Learn Vimscript the Hard Way

Basic Syntax Highlighting

Now that we've gotten the boilerplate out of the way it's time to start writing some useful code for our Potion plugin. We'll start with some simple syntax highlighting.

Create a syntax/potion.vim file in your plugin's repo. Put the following code into the file:

if exists("b:current_syntax")
    finish
endif

echom "Our syntax highlighting code will go here."

let b:current_syntax = "potion"

Close Vim, and then open your factorial.pn file. You may or may not see the message, depending on whether you have any other plugins that perform commands after this one gets run. If you run :messages you'll definitely see that the file was indeed loaded.

Note: Whenever I tell you to open the Potion file I want you to do it in a new Vim window/instance instead of in a split/tab. Opening a new Vim window causes Vim to reload all your bundled files for that window, whereas using a split does not.

The lines at the beginning and end of the file are a convention that prevents it from being loaded if syntax highlighting has already been enabled for this buffer.

Highlighting Keywords

For the rest of this chapter we'll ignore the if and let boilerplate at the beginning and end of the file. Don't remove those lines, just forget about them.

Replace the placeholder echom in the file with the following code:

syntax keyword potionKeyword to times
highlight link potionKeyword Keyword

Close the factorial.pn file and reopen it. The to and times words will be highlighted as keywords in your color scheme!

These two lines show the basic structure of simple syntax highlighting in Vim. To highlight a piece of syntax:

  • You first define a "chunk" of syntax using syntax keyword or a related command (which we'll talk about later).
  • You then link "chunks" to highlighting groups. A highlighting group is something you define in a color scheme, for example "function names should be blue".

This lets plugin authors define the "chunks" of syntax in ways that make sense to them, and then link them to common highlighting groups.

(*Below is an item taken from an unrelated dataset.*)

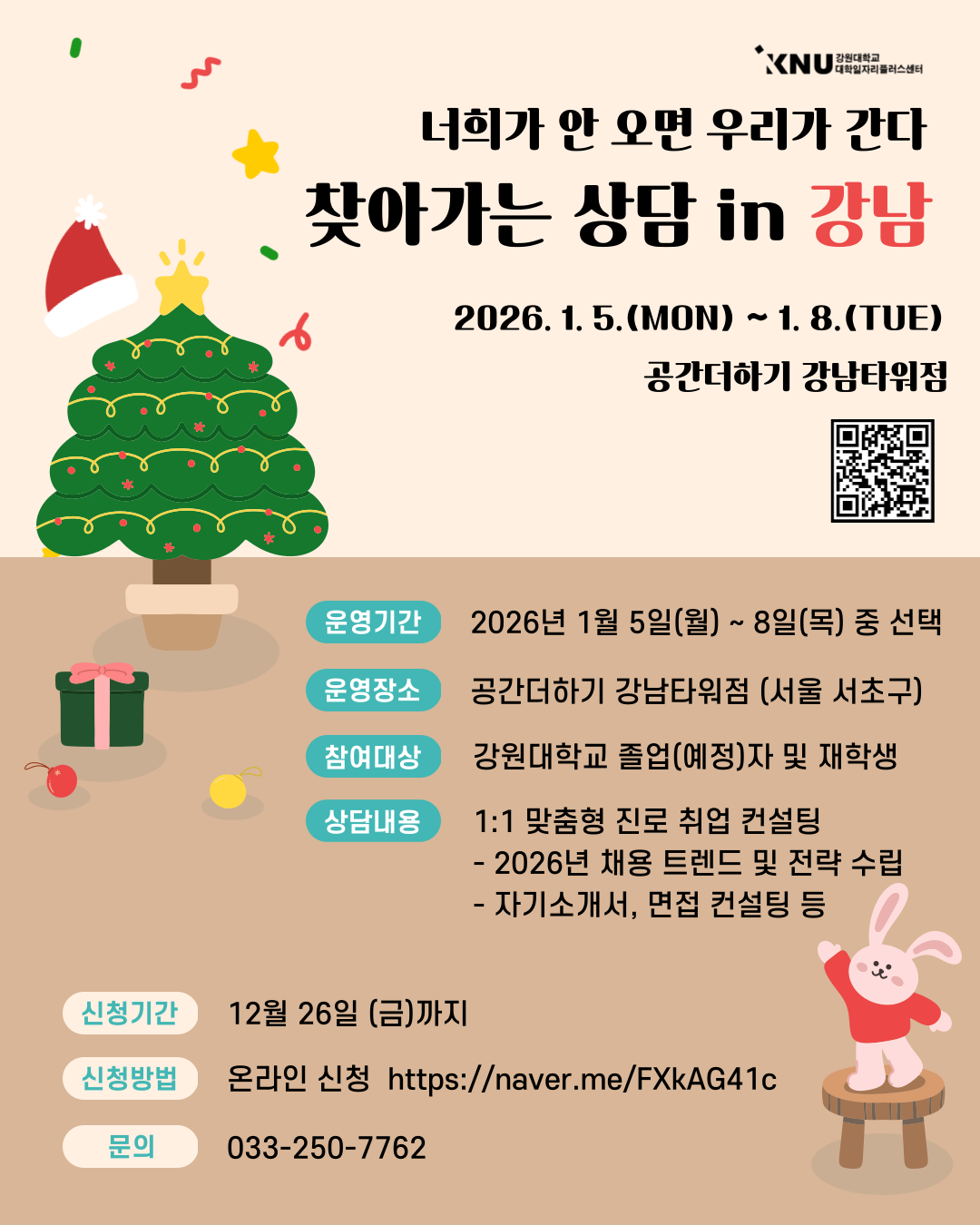 1. 2026년 대비 취업역량 강화를 위한『KNU 동계 찾아가는 상담 in 강남』을 다음과 같이 운영하오니 많은 학생들이 참여할 수 있도록 홍보하여 주시기 바랍니다.
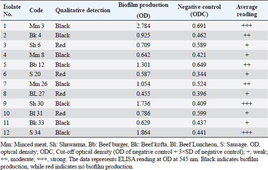 Transcriptional analysis of biofilm genes using RT-qPCRThe relative expression of the pleiotropic regulator (plcR), amyloid such as fiber (tasA) and signal peptidase (sipW) genes were evaluated in MDR strong biofilm-producing B. cereus isolates by RT-qPCR. The relative expressions (fold-change of the expression levels) of the characteristic genes in MDR and adherent isolates after the addition of ACV as antibiofilm agent were matched with those in the control MDR and adherent isolates without the exposure to ACV. The 16S rRNA housekeeping gene was used for RT-qPCR normalization (Fig. 1). The results revealed down-regulation of biofilm genes in comparison to those of the control; this was highly significant (***) for plcR and sipW genes ( p < 0.0001), while was significant (*) with tasA gene (p < 0.05) (Table 8). DiscussionBiofilms can be produced by the B. cereus group of the genus Bacillus in a variety of beverage and food industry settings. Concerned about a significant source of post-process and recurrent cross-contamination in prepared foods that could lead to food poisoning or product degradation, biofilms are a major source of concern for the food trade. Vasudevan et al. (2003) state that biofilms are frequently to blame for recurrent infections. According to Wijman et al. (2007), control over biofilm formation is therefore dependent on providing mechanistic insight into the behavior of B. cereus in biofilms. Therefore, the main objectives of this study were to isolate, identify, and test for antibacterial susceptibility B. cereus that was isolated from samples of meat and meat products. The recovered B. cereus isolates were then used to detect biofilm formation both qualitatively and quantitatively. Furthermore, evaluation of ACV for a better understanding of its effect on the gene expression that is responsible for biofilm formation and its regulator, using RT-qPCR to reduce the drawbacks of antibiotic resistance. The traditional identification methods were exposed as “presumptive B. cereus” because these methods could not distinguish B. cereus from other Bacillus group isolates (Vidic et al., 2020). Therefore, many laboratories’ stages should be performed to distinguish B. cereus from other Bacillus group species (Ramarao et al., 2020). The selective media and biochemical tests that these methods were designed to use are labor-intensive, time-consuming, and require specialized personnel (Zhu et al., 2016). However, molecular methods are more accurate for definitive identification. Herein, B. cereus was isolated from 34 out of 150 meat and meat product samples with an overall prevalence of 22.66%. Our results were consistent with those stated by Guven et al. (2006) (22.4%) and Amin and Tawfick (2021) (24%). On the other hand, higher percentages of B. cereus recovered from meat product samples were detected by Rather et al. (2011) (40%), Abd El Tawab et al. (2015) (38.33%), Yu et al. (2020) (35%), Tewari et al. (2015) (30.9%), Bashir et al. (2017) (29.33%), and Schlegelova et al. (2003) (28%). However, a lower prevalence rate was recorded by Konuma (1988) and Gharib et al. (2020) with percentages of 18.3% and 17.5%, respectively. Bacillus cereus may be present in raw meat products because of unsanitary conditions during meat delivery, processing, or transportation. According to Floristean et al. (2007), improper storage temperatures of raw meat could potentially encourage the growth of bacteria. The processing of minced meat may be the reason for the high frequency of B. cereus isolation from edible meat products such as luncheons or the addition of expired additives, which can induce vegetation of Bacillus spores under insufficient heat treatment (Shawish and Tarabees, 2017). Table 7. Antibiofilm activity of ACV against B. cereus isolates.

It also lets color scheme creators define colors for a common set of programming constructs so they don't need to know about individual languages.

Potion has a bunch of other keywords that we haven't used in our toy program, so let's edit our syntax file to highlight those too:

syntax keyword potionKeyword loop times to while
syntax keyword potionKeyword if elsif else
syntax keyword potionKeyword class return

highlight link potionKeyword Keyword

First of all: the last line hasn't changed. We're still telling Vim that anything in the potionKeyword syntax group should be highlighted as a Keyword.

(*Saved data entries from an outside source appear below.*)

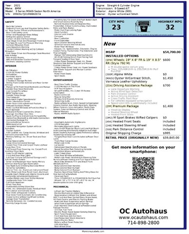 2021 BMW M340i with 41K miles ** Alpine White on Oyster W/Contrast Stitch, Vernasca Leather Upholstery ** DRIVING ASSISTANCE PACKAGE - Lane Departure Warning - Active Blind Spot Detection - Park Distance Control - Active Driving Assistant - Cross-Traffic Alert Rear - Speed Limit Info is additionally included ** PREMIUM PACKAGE - Head-Up Display - Heated Steering Wheel - Heated Front Seats ** M double-spoke cerium gray wheels ** M Sport Brakes W/Red Calipers ** Heated Front Seats ** Heated Steering Wheel ** Park Distance Control
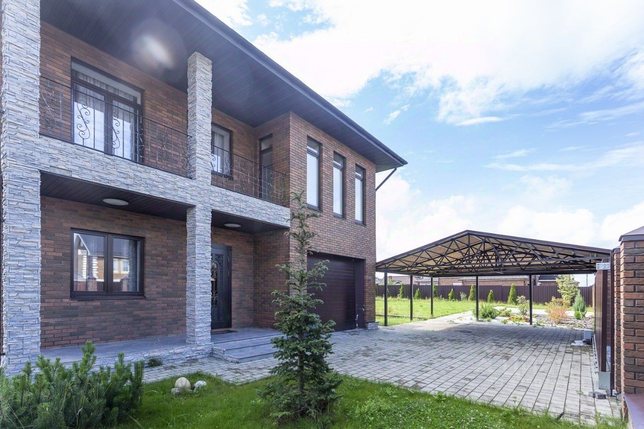 На участке: парковочные площадки, стильный навес для 2х машин, мангальная зона с навесом, деревья, кустарники (клен, рябина, 2 вишни, 2 черешни, яблони, груши, сливы, смородина, крыжовник, голубика и тд.)
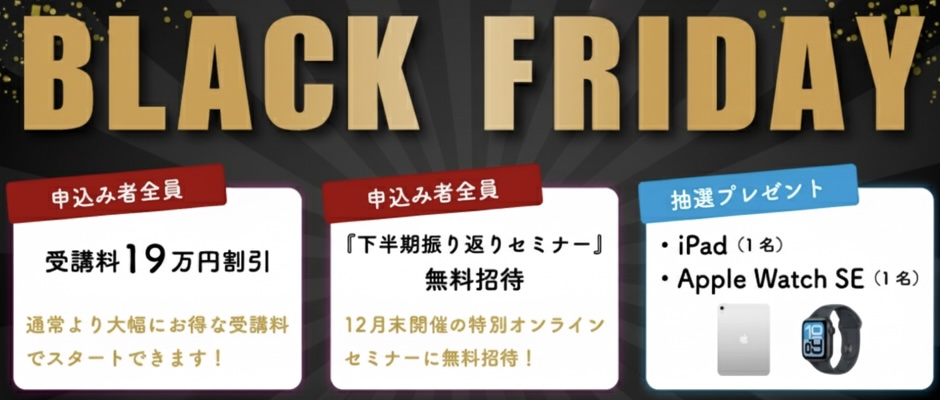 今年は、これまでで最も安く受講できる割引に加えて、過去最大級ともいえる豪華特典で「ブラックフライデーキャンペーン2025」を開催します。

We've now got three lines, each starting with syntax keyword potionKeyword. This shows that running this command multiple times doesn't reset the syntax group -- it adds to it! This lets you define groups piecemeal.

How you define your groups is up to you:

  • You might just toss everything onto one line and be done with it.
  • You might prefer to break the lines up so they fit within 80 columns to make them easier to read.
  • You could have a separate line for each item in a group, to make diffs looks nicer.
  • You could do what I've done here and group related items together.

Highlighting Functions

Another standard Vim highlighting group is Function. Let's add some of the built-in Potion functions to our highlighting script. Edit the guts of your syntax file so it looks like this:

syntax keyword potionKeyword loop times to while
syntax keyword potionKeyword if elsif else
syntax keyword potionKeyword class return

syntax keyword potionFunction print join string

highlight link potionKeyword Keyword
highlight link potionFunction Function

Close and reopen factorial.pn and you'll see that the built-in potion functions are now highlighted.

This works exactly the same way as keyword highlighting. We've defined a new syntax group and linked it to a different highlighting group.

Exercises

Think about why the if exists and let lines at the beginning and end of the file are useful. If you can't figure it out, don't worry about it. I had to ask Tim Pope to be sure.

Skim over :help syn-keyword. Pay close attention to the part that mentions iskeyword.

Read :help iskeyword.

Read :help group-name to get an idea of some common highlighting groups that color scheme authors frequently use.